It took a remarkably short time for Google, which made its name helping people find things on the World Wide Web, to start abusing its newfound power.
With barely even a pause to reflect, it seems, the company has begun to force on the world the weird puritanism of “woke”-ness, in which whispering to young children about odd sexual practices is acceptable, yet typing the word “housewife” is the dirtiest sin.
The company has now deployed an “inclusive language” function to help stamp out politically incorrect words, reports DailyMail.com. That is, when users search for information using a word Google programmers find distasteful, they are prompted to use a different word. Typing in “landlord” prompts a warning that the word “may not be inclusive to all readers,” as if that is some kind of necessity, and a prim suggestion to try the words “property owner” or “proprietor” instead.
Terms Americans grew up with such as “policeman,” “mailman” or “housewife’ should also be replaced by “police officers,” “mail carriers” and “stay-at-home spouses,” according to Google’s new puritanism, since the worst thing one can do is to offend others’ hypersensitive feelings with the way one talks.
The word “humankind” is a suggested alternative to what the company sees as the controversial word “mankind.”
The chiding service is currently being introduced to what Google calls enterprise-level users.
The woke-language intrusion is, predictably, falling all over itself in several respects. A transcription of an interview with ex-Klu Klux Klan leader David Duke, in which he uses racial slurs and discusses hunting black people, sailed through with no warnings. However it did suggest that President John F. Kennedy’s inaugural address should say “for all humankind” instead of “for all mankind.”

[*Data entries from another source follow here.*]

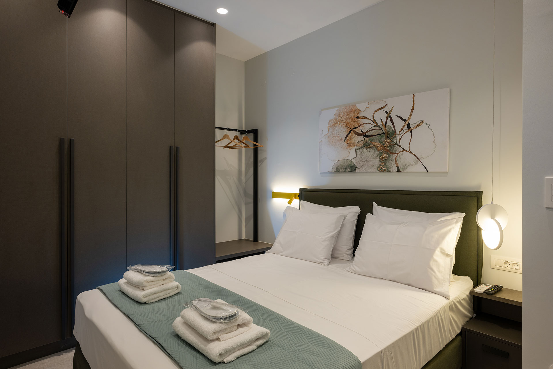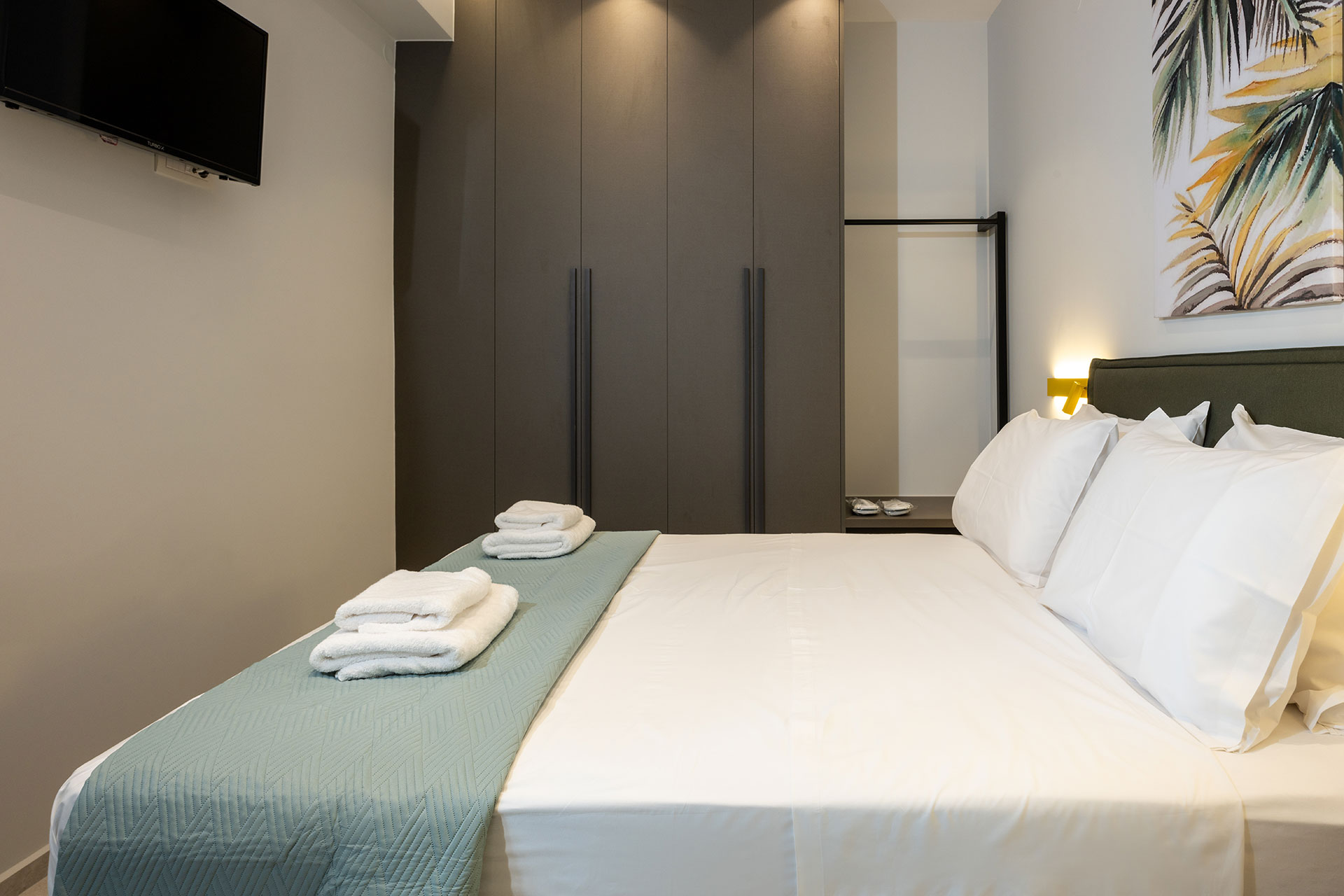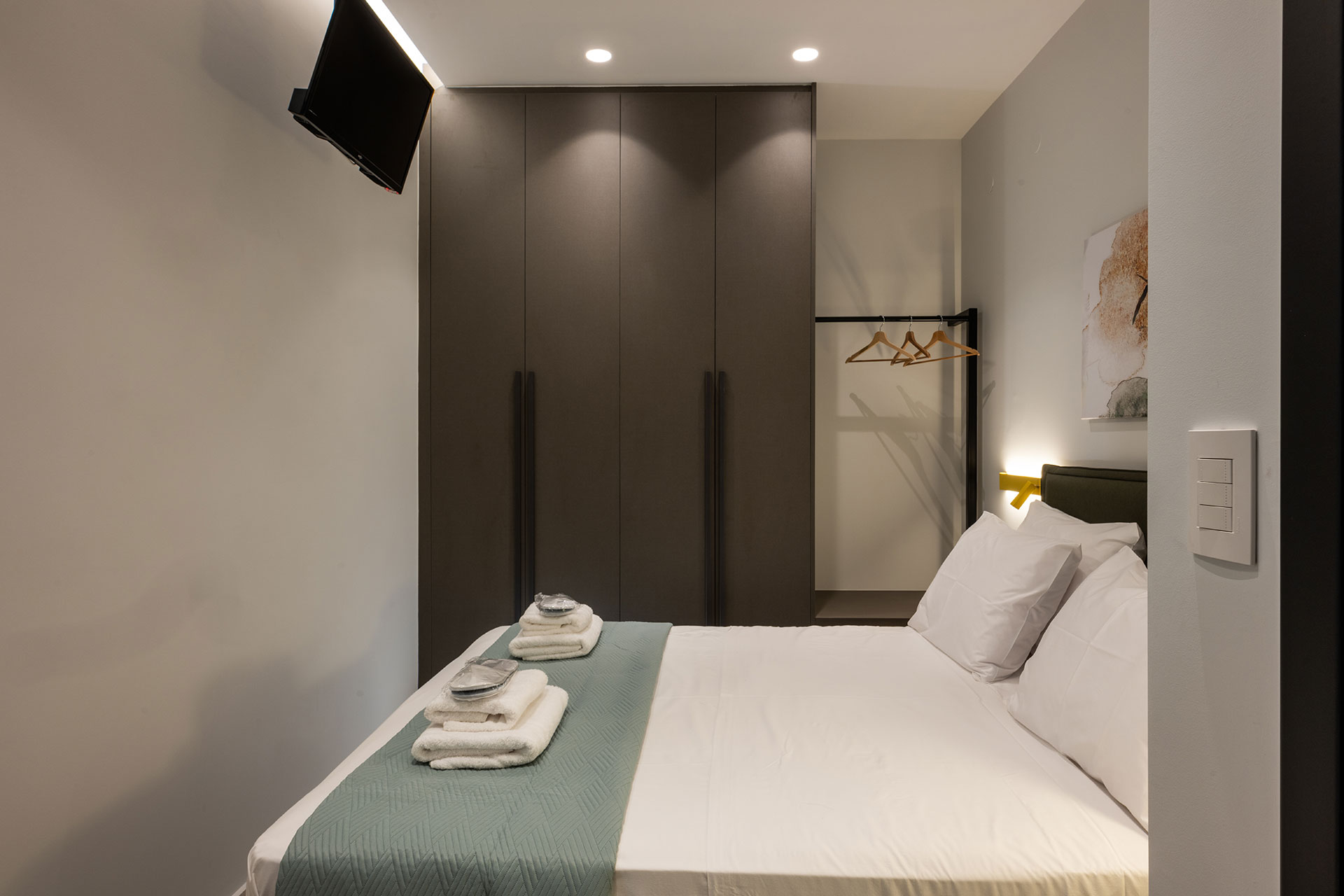 A cozy and tasteful 40m² apartment with modern decor and all the essentials for a pleasant stay. It features spacious areas, a double bed, a sofa bed, and a small outdoor space for relaxing moments.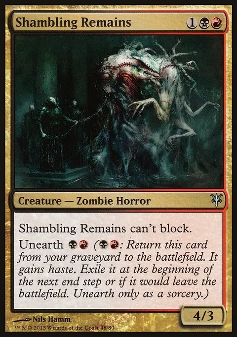 Shambling Remains can't block. Unearth {B}{R} ({B}{R}: Return this card from your graveyard to the battlefield. It gains haste. Exile it at the beginning of the next end step or if it would leave the battlefield. Unearth only as a sorcery.)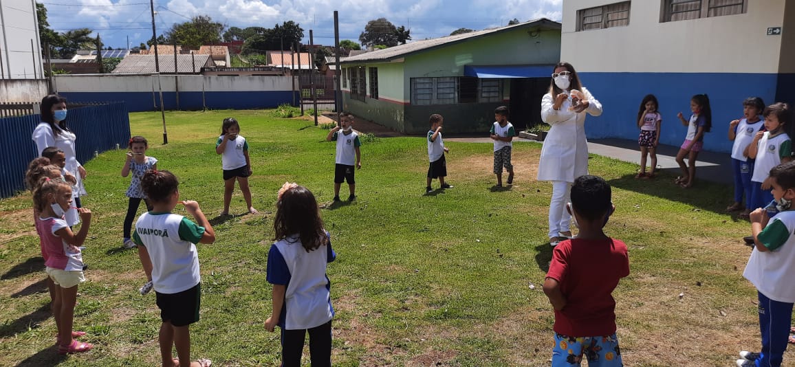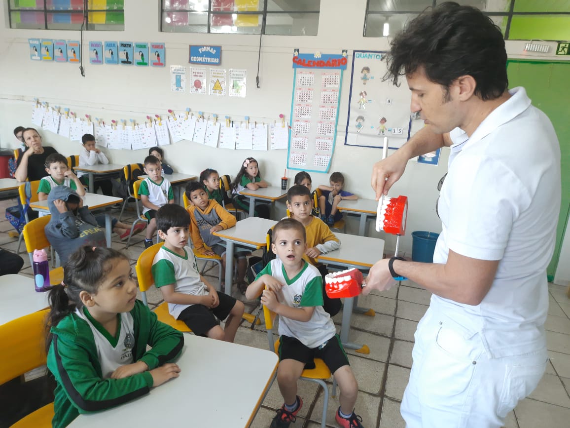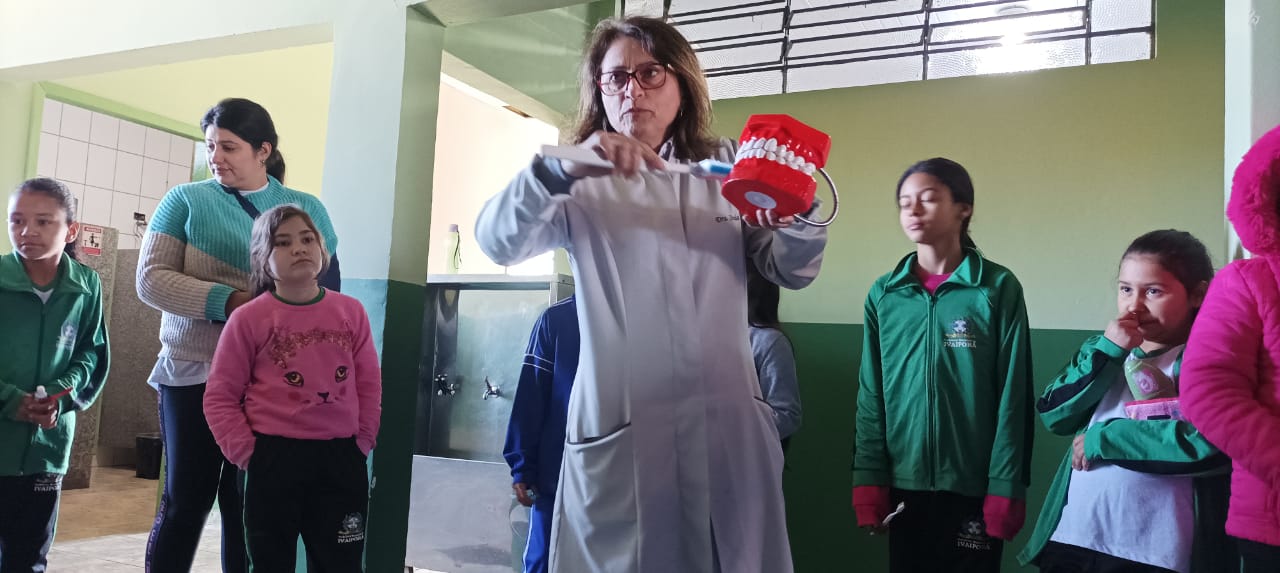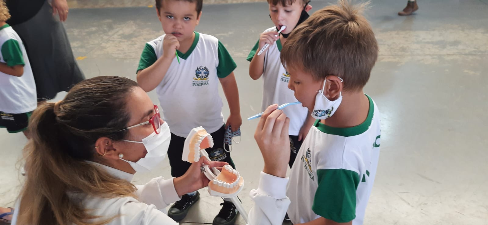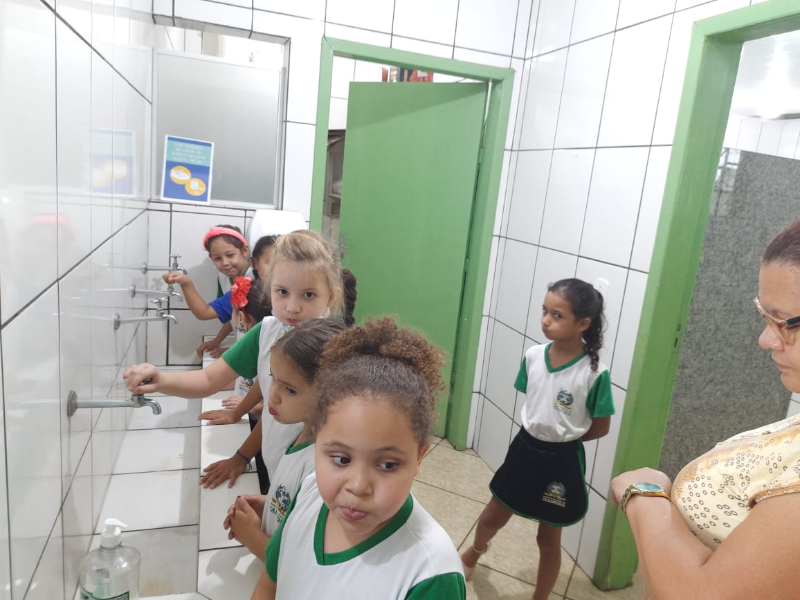 A escovação bucal supervisionada indireta deve ser realizada no ambiente escolar. Algumas escolas do município realizam semanalmente, outras mensalmente após a alimentação oferecida nas escolas.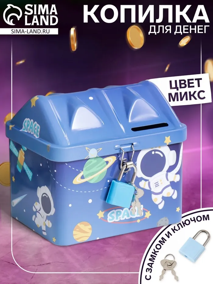 Копилка для денег с замком и ключом «Космические приключения», металл, 12×9.5×10 см, МИКС
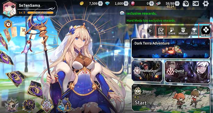 Bước 1: Sau khi mở trò chơi, nhấn vào Menu ở phía bên phải màn hình.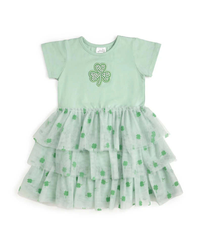 Your little one will be the ultimate lucky charm for St. Patrick's Day fun and parades in this adorable mint-green dress, featuring a pearly embellished shamrock and a fluffy, layered tutu covered in soft, flocked shamrocks!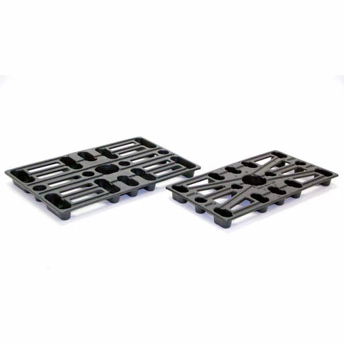 Plastic Pallet designed especially for EZY-Tiltâ„¢ Pallet Fork Hand Truck. Pallet has a stringer height of 1-1/2″ to meet your various handling needs (2″ Overall Height). Pallets are black in color and easily handle up to 800 lbs.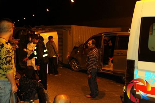在處置事故時,路政執法人員以及交警先將受傷人員被送入醫院治療。隨后,交警和路政人員將墜落于地的貨物一箱箱搬上了車廂內。到10月8日凌晨1時30分,事故處理完畢,滬昆高速公路交通恢復正常。(陳婧 攝影報道)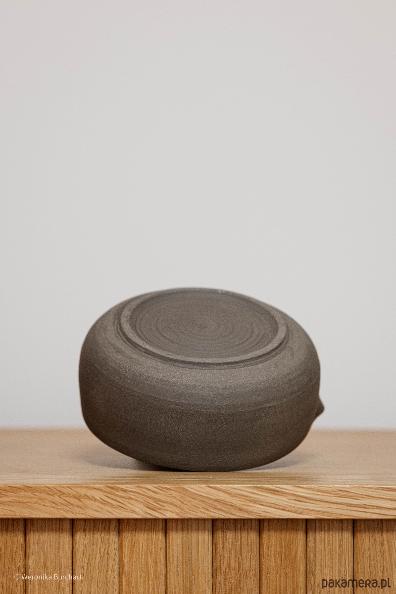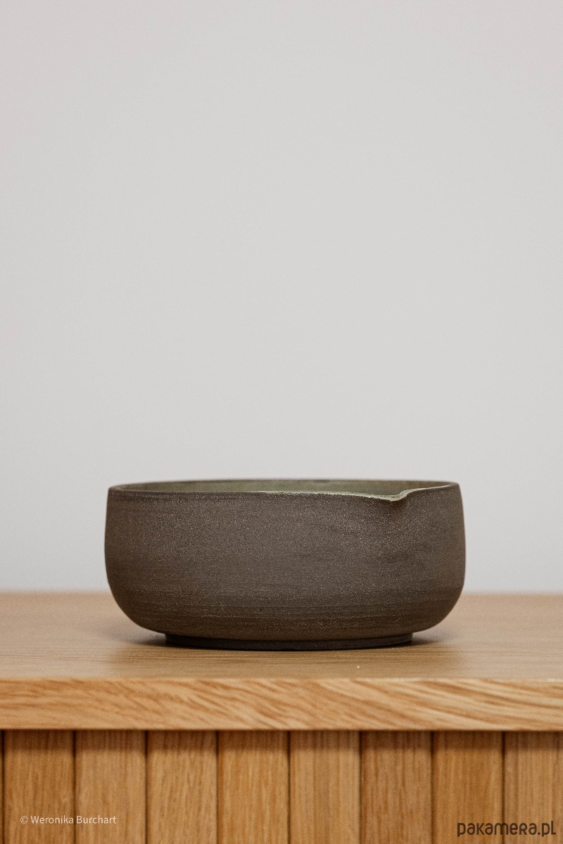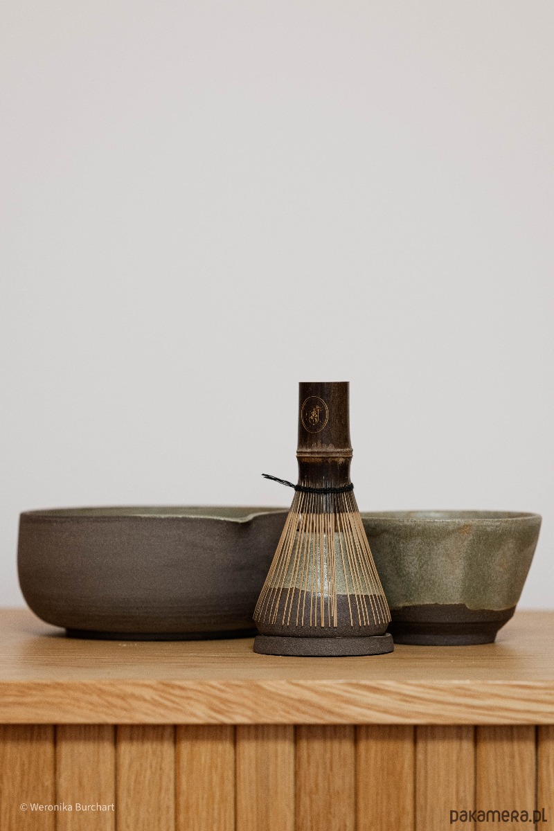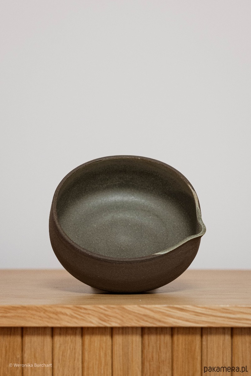 Wykonany z czarnej gliny, która nadaje mu szlachetnej wagi i sprawia, że misa pewnie leży w dłoni podczas intensywnego mieszania. Wnętrze pokrywa matowe szkliwo w kolorze szałwii. Ta uspokajająca, ziemista barwa wprowadza harmonię i wyciszenie, idealnie komponując się z intensywną zielenią Matchy.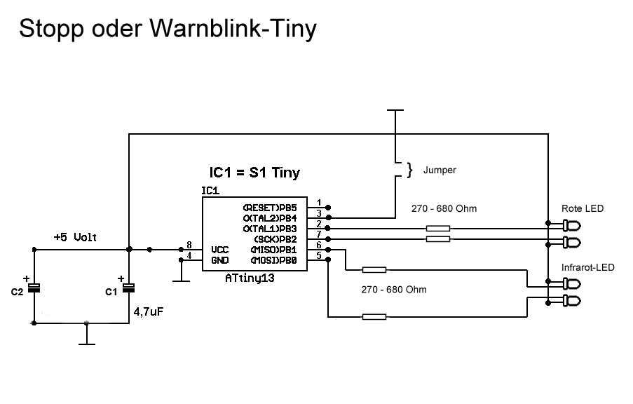 Beide Tiny senden konstant ein Infrarot-Stoppsignal an zwei Ausgängen aus. An diese Ausgängen werden Infrarot LEDs mit den jeweiligen Vorwiderständen angeschlossen.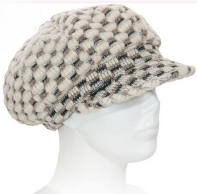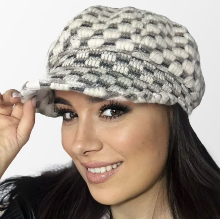 Caciula rafinata de dama din in fire calduroase si placute la atingere, nuante combinate de crem/ bej/ maro/ gri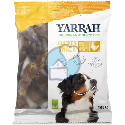 Een hondensnack bestaande uit 100% biologische kippennekken. Geschikt voor alle honden, van puppy’s tot senior honden. De smakelijke, gedroogde snack heeft een schurende werking op de tanden, waardoor het tandplak kan verwijderen. Een zuivere snack, vrij van kunstmatige toevoegingen, pesticiden en GMO.Ingrediënten van Yarrah Kippennekken voor Honden Biologisch: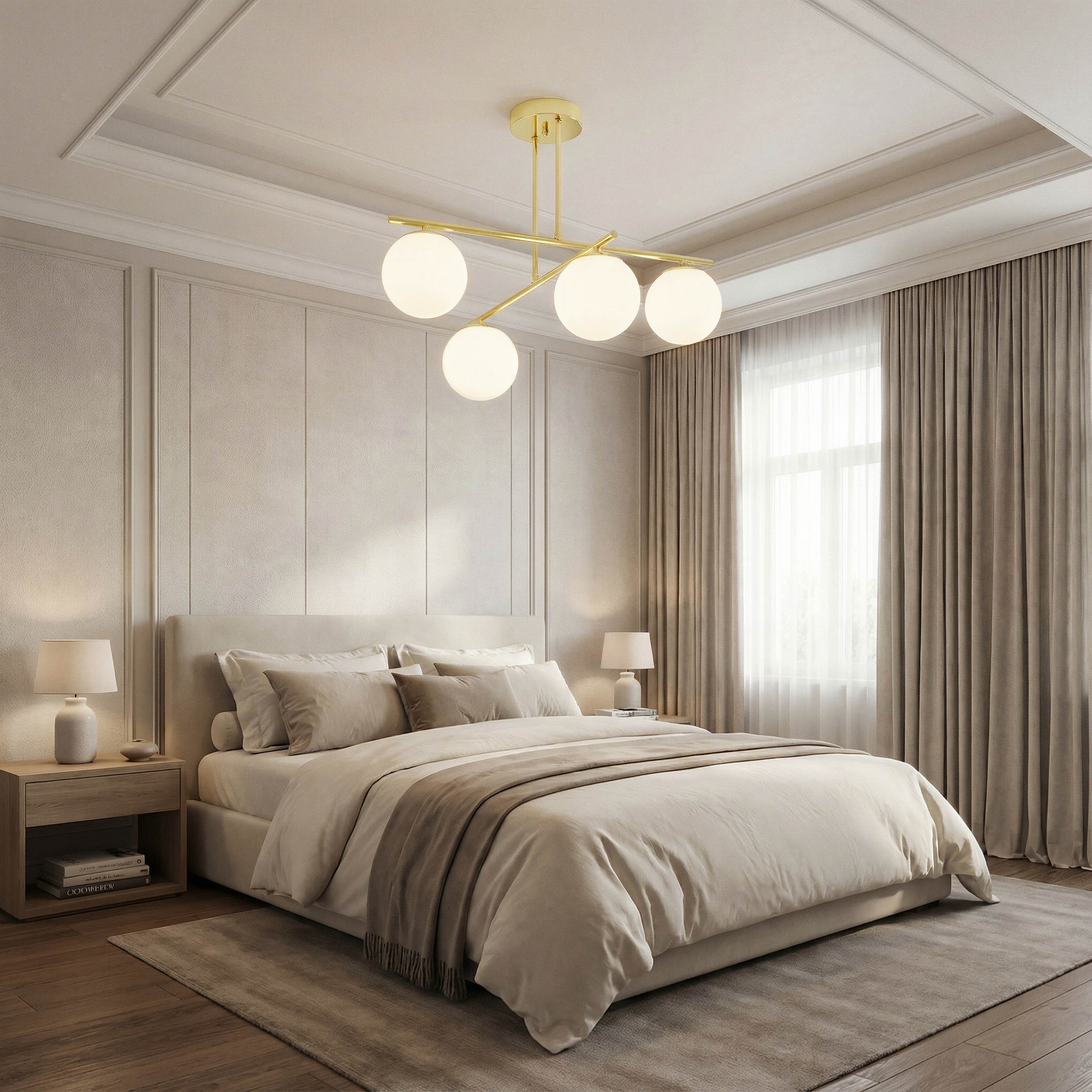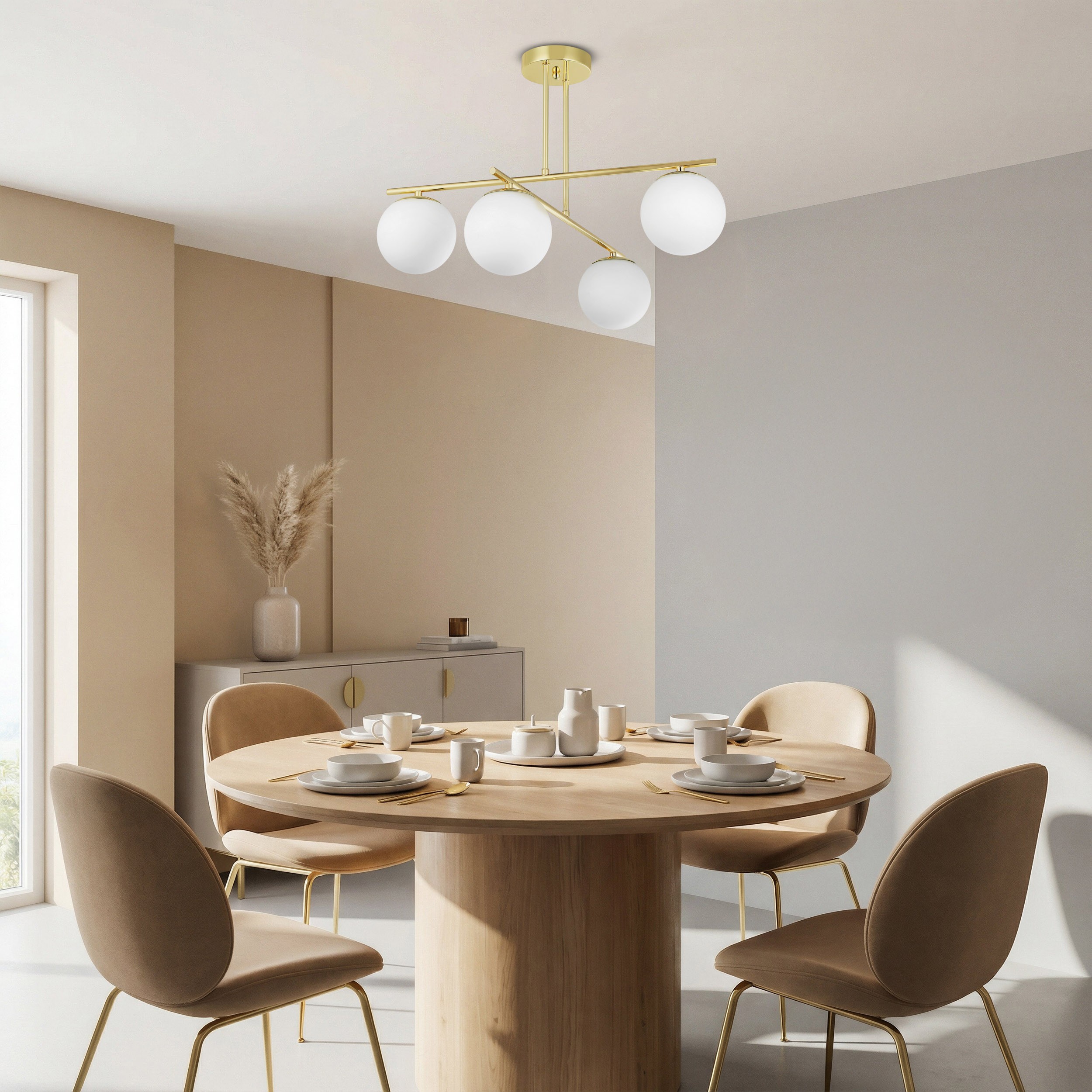 Lampa sufitowa LEDO pasuje zarówno do kuchni, gdzie podkreśla stół, jak i do salonu, gdzie staje się elementem dekoracyjnym i praktycznym. Jako lampa do przedpokoju pełni funkcję reprezentacyjną, witając gości ciepłym światłem, w sypialni zapewnia nastrojowe oświetlenie, a w gabinecie dodaje profesjonalnego, eleganckiego charakteru. Złoto w tym wydaniu nie jest krzykliwe – to detal, który łączy się z nowoczesnymi materiałami, jak szkło i beton, tworząc luksusowy efekt, ale też pięknie współgra z drewnem i pastelami.

Silkie Carlo of the group Big Brother Watch told the Sunday Telegraph: “Google’s new word warnings aren’t assistive, they’re deeply intrusive. This speech-policing is profoundly clumsy, creepy and wrong, often reinforcing bias.”
A Google spokesman said: “Our technology is always improving, and we don’t yet [have] a solution to identifying and mitigating all unwanted word associations and biases” that might exist in the human mind.